Milan Omnitect Water Repellent dapat diaplikasikan menggunakan kuas, roller, atau sprayer. Oleskan secara merata ke seluruh permukaan dinding bata ekspos dan pastikan tidak ada area yang terlewat.

4. Basta con aplicar una sola capa

Aplikasikan produk sebanyak satu lapis untuk mendapatkan perlindungan optimal. Pastikan lapisan diaplikasikan secara merata sehingga seluruh permukaan yang membutuhkan perlindungan telah terlapisi dengan baik.

5. Biarkan Lapisan Mengering dan Meresap Sempurna

Setelah aplikasi selesai, biarkan Milan Omnitect Water Repellent mengering dan meresap dengan sempurna. Hindari menyentuh atau mengganggu permukaan selama proses pengeringan agar lapisan dapat bekerja secara optimal.

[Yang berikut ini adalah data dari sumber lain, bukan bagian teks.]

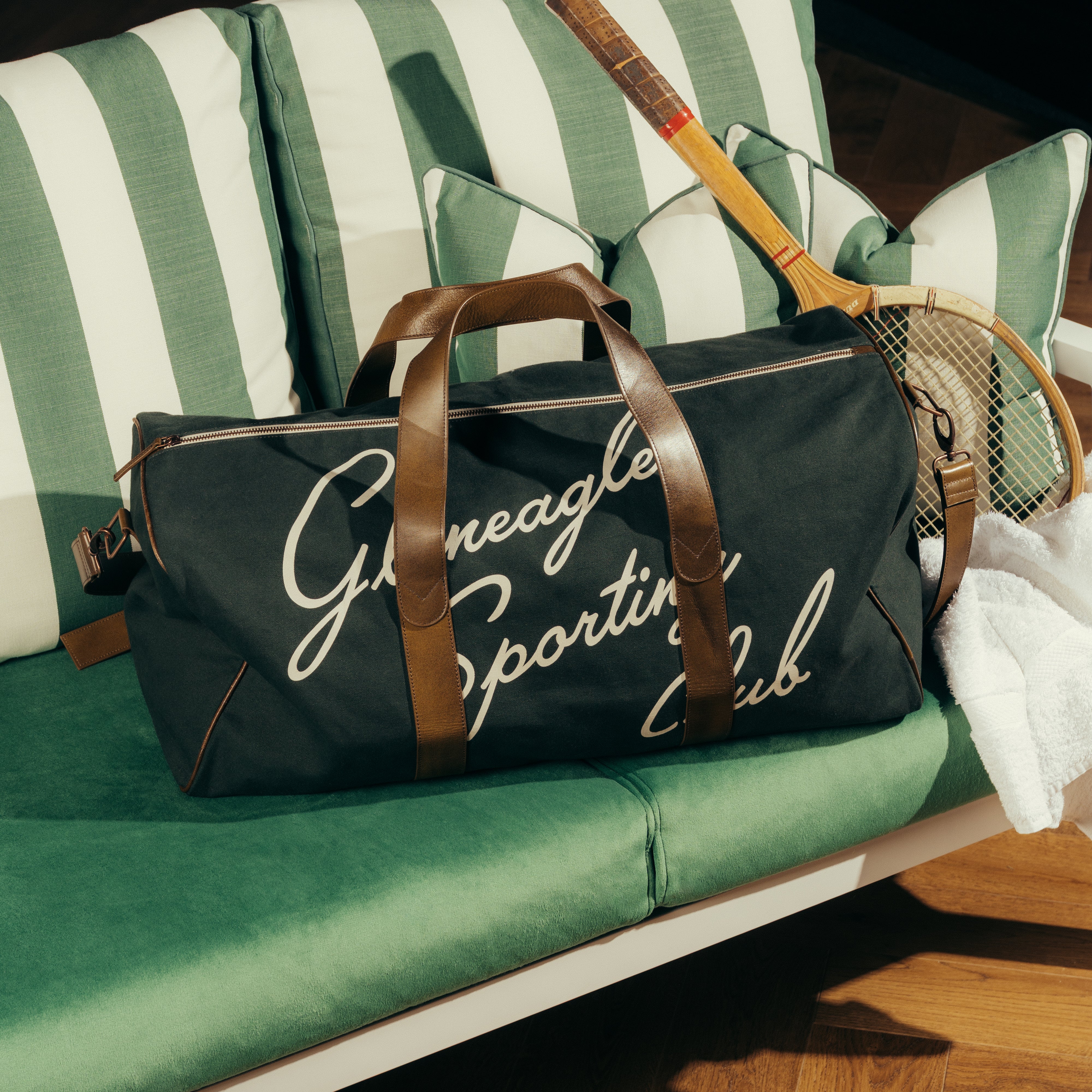 Carry effortless style to the courts with our Duffel Bag, the perfect blend of function and flair. Available in Green or Natural, it’s a must-have for sporting days and weekend adventures alike.

6. Hindari Air dan Hujan Selama Proses Pengeringan

Selama lapisan masih dalam proses pengeringan, pastikan permukaan tidak terkena air atau hujan. Perlindungan dari paparan air selama proses ini membantu memastikan hasil aplikasi dan perlindungan Milan Omnitect Water Repellent tetap maksimal.

Cegah Dinding Bata Ekspos Bangunan Kusam dengan Perlindungan dari Milan Omnitect Water Repellent!

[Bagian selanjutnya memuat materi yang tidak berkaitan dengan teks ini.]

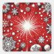 Un bonito fondo rojo rodeado de baudias y copos de nieve al estilo del arte pop
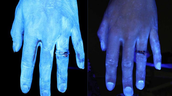 Voici à quoi ressemblent des mains pleines de germes sous une lampe UV
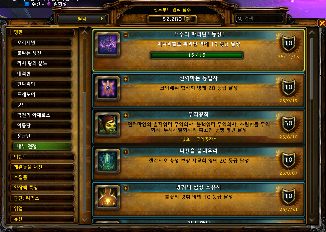 우주의 파괴단! 등장! 업적은 내부전쟁 확장팩 업적으로 내부전쟁3시즌 레이드 업적입니다.
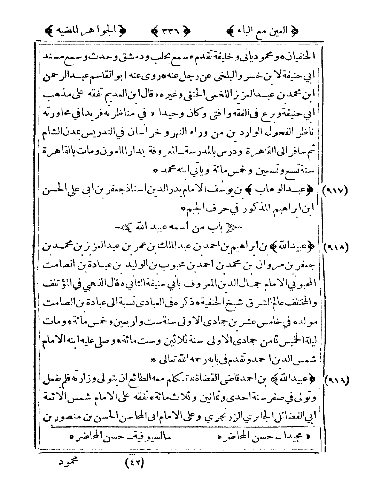 917 - عبد الْوَهَّاب بن يُوسُف الإِمَام بدر الدّين أستاذ جَعْفَر بن أبي عَليّ الْحسن ابْن إِبْرَاهِيم الْمَذْكُور فى حرف الْجِيم
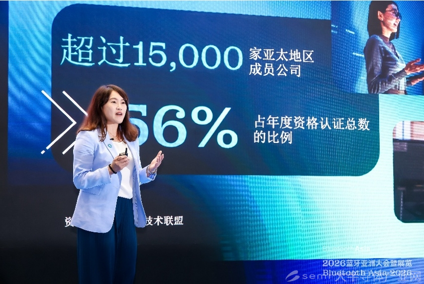 蓝牙技术联盟亚太暨中国资深总监李佳蓉(Lori Lee)在2026蓝牙亚洲大会暨展览上发表主题演讲
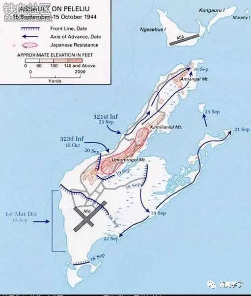 在1944年9月15日总进攻的前三天,美军动用了11艘航空母舰上面的400架舰载机和马利亚纳群岛上空的重型轰炸机,对整个帕劳群岛进行了狂轰滥炸,海面由美军的3艘战列舰和25艘巡洋舰,30艘驱逐舰对该群岛实施猛烈炮击。
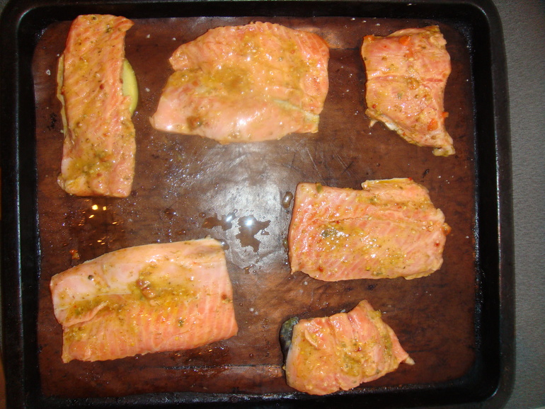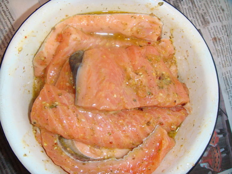 Обмазать все кусочки рыбы минимум на 15 минут:

Bata ekspos yang cantik jangan sampai kalah sama lumut. Kalau Milanians ingin mempertahankan karakter natural dinding sekaligus memberikan perlindungan tambahan dari air, saatnya pilih perlindungan yang memang dirancang untuk menghadapi masalah tersebut.

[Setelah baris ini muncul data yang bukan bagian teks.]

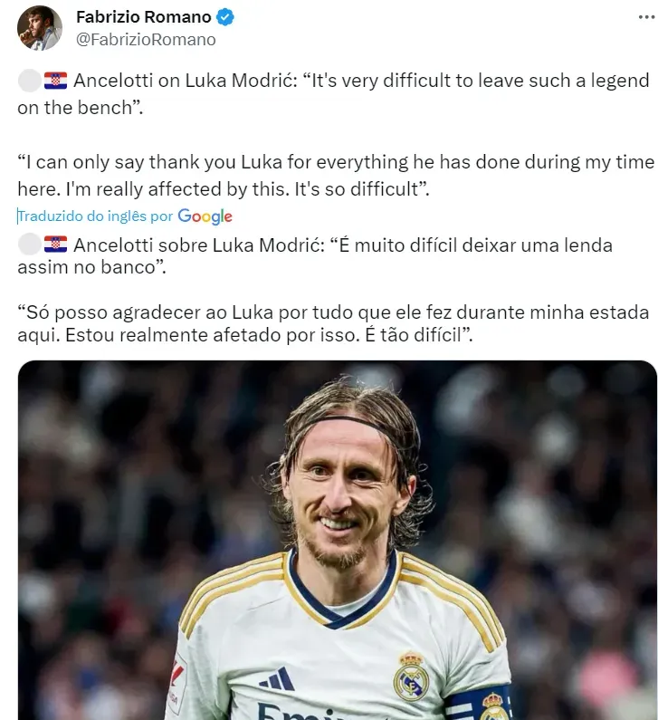 O croata Modric, de 38 anos de idade, está com seus dias contados com as cores do Real Madrid e tende a deixar o clube merengue no final da temporada, conforme informações da mídia espanhola.
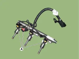 Einspritzventil- und Raildrucksensorsteckverbinder (A) abziehen.
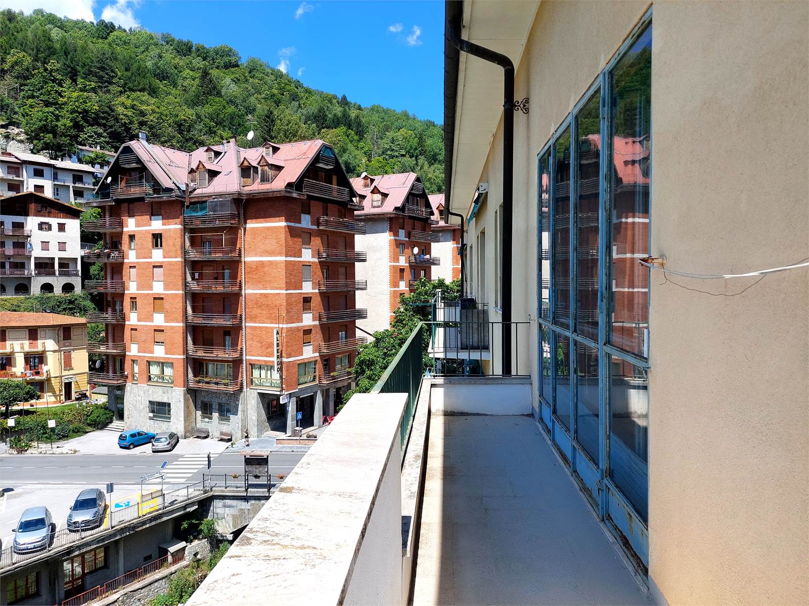 La cucina contiene un tavolo per tre persone, ha il lavandino in marmo e un'ampia portafinestra che permette di accedere ad un balcone che misura circa 6 metri quadrati. La vista è aperta e spazia dalle vette alpine delle Panne e del Monte Antoroto ai tetti del centro del paese.
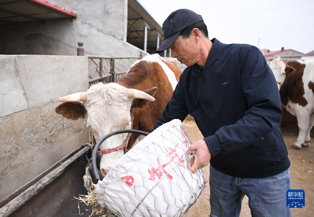 4月13日,在通遼市科爾沁左翼中旗舍伯吐鎮,養牛大戶(hù)王連柱在家中的牧場(chǎng)喂牛。
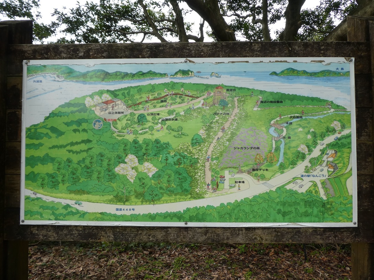 亜熱帯植物園の中にる道の駅。トイレ休憩と買い物だけではもったいない。裏山全部が植物園なので、ちょっと散歩してみましょう。高低差があるのですが、山頂まで車で入れますし、駐車場もあります。見晴らしのよい展望台も何ヶ所か。
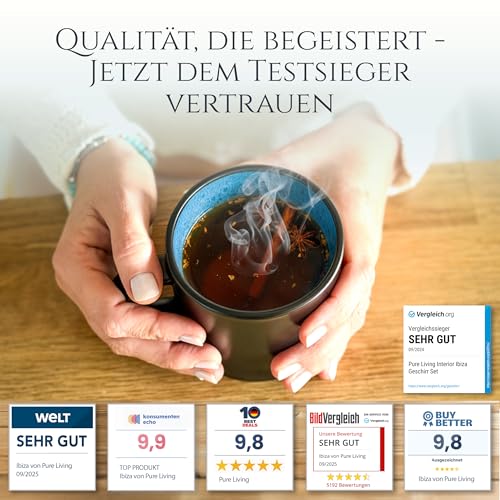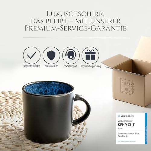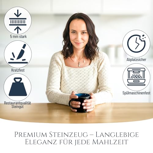 Steingut kleine Tassen 6 Pers. Ibiza Hochwertiges Mediterranes TEST SEHR GUT Tassen Set, Spülmaschinen-, Mikrowellen- und Kratzfest - Stylisches Tee- und Kaffeebecher Set - Pure Living in Tiefblau

PT Indocipta Wisesa menghadirkan Omnitect Water Repellent sebagai solusi perlindungan permukaan yang membantu menjaga material dari paparan air dan kelembapan.

Asistencia Milan Omnitect Hidrófugo bukan sekadar sebagai pelindung biasa, tapi juga membantu menjaga tampilan material alaminya, meskipun sudah bertahun-tahun digunakan.

Tertarik membuat dinding bata ekspos tetap tampil natural tanpa membiarkannya cepat kusam? Klik banner di bawah dan temukan perlindungan yang tepat dari Milan Omnitect Water Repellent!

Customer service wanita Indonesia dengan seragam hitam logo Milan di lingkungan industrial modern PT Indocipta Wisesa bersama produk coating, adhesive, dan industrial finishing profesional.